We are looking at deploying a clustered db and we would like to scale the number of nodes up and down in the system with some systems having one, two or three nodes. The Percona Clustered DB has a weighted quorum mechanism. I think it is possible to choose the weights to break symmetry so that split brain is always avoided. However, I cannot find any literature saying this is so which makes me doubt myself.
Here is the idea. Assign each node one of the following weights: 127 + 0, 127 + 1, 127 + 2, 127 + 4, 127 + 8, 127 + 16, .. and so on.

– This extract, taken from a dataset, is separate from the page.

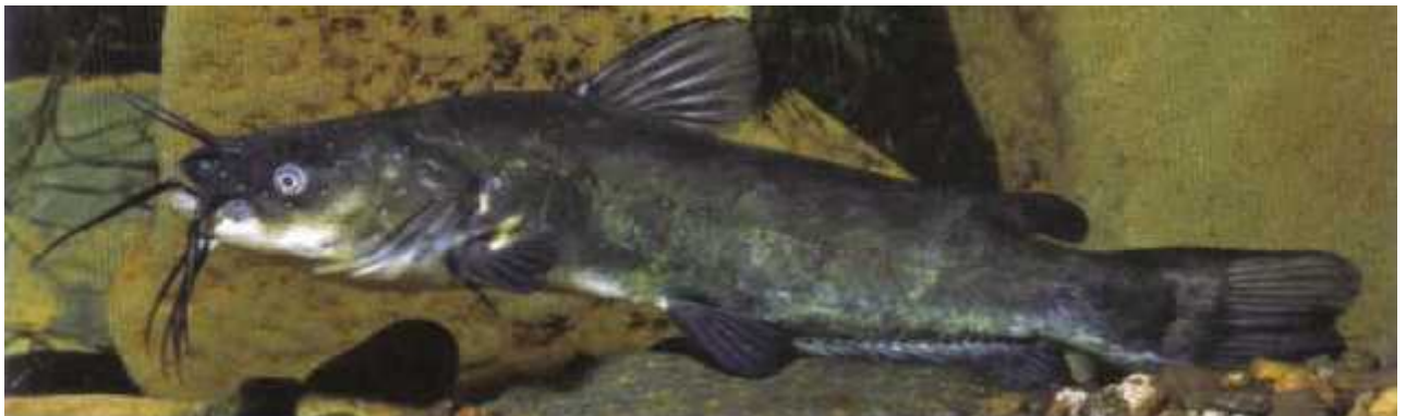
Slika 2. Ameiurus melas

Pripada porodici Ictaluridae , donesen iz isto nog dijela Sjeverne Amerike u srednju Europu odakle se brzo proširio ostatkom kontinenta pa tako i našim vodama. Ima sluzavo tijelo i slijep je pa koristi br i e kao osjetilo (Sl. 2.). Po tijelu ima bodlje pa nema puno prirodnih neprijatelja što mu omogu ava nesmetano i brzo razmnožavanje. U Hrvatsku je unesen po etkom prošlog stolje a i to prvo u ribnjake zbog uzgoja odakle se proširio u otvorene vode. Za sada je rasprostranjen u vodama dunavskog slijeva ali postoje naznake da se polako po eo širiti i jadranskim slijevom. ( www.ribe-hrvatske.com )

Given two disjoint subsets, a and b, of nodes in the cluster the two requirements that I think have to be maintained are:
1) if a subset, a, has more nodes than another b, then the sum of its weights, w(a), will always be greater than the the sum of the weights of the other set..
|a| > |b| --> w(a) > w(b)
2) Symmetry breaking.. given any two subsets then the weights won't be equal. This is the requirement that avoids split brain with an even number of nodes.
|a| = |b| --> w(a) != w(b)
Are there any problems with this approach? If so what are they?
More problem description...
This sounds like it will act as you describe, but appears unnecessarily complicated for what you describe. As far as I can tell from a web search (https://www.percona.com/blog/2015/06/12/percona-xtradb-cluster-quorum-availability-cluster/) when the system is running normally, it knows what the sum of the weights on each node are. After loss of connectivity, a connected subset will only allow writes if it still has MORE than 50% of the weights. In a potential split-brain situation, it is impossible for both sides of the split to believe that they both have MORE than 50% of the weights, because then the sum of the weights from each half would have to add up to more than the sum of all of the weights, which is impossible.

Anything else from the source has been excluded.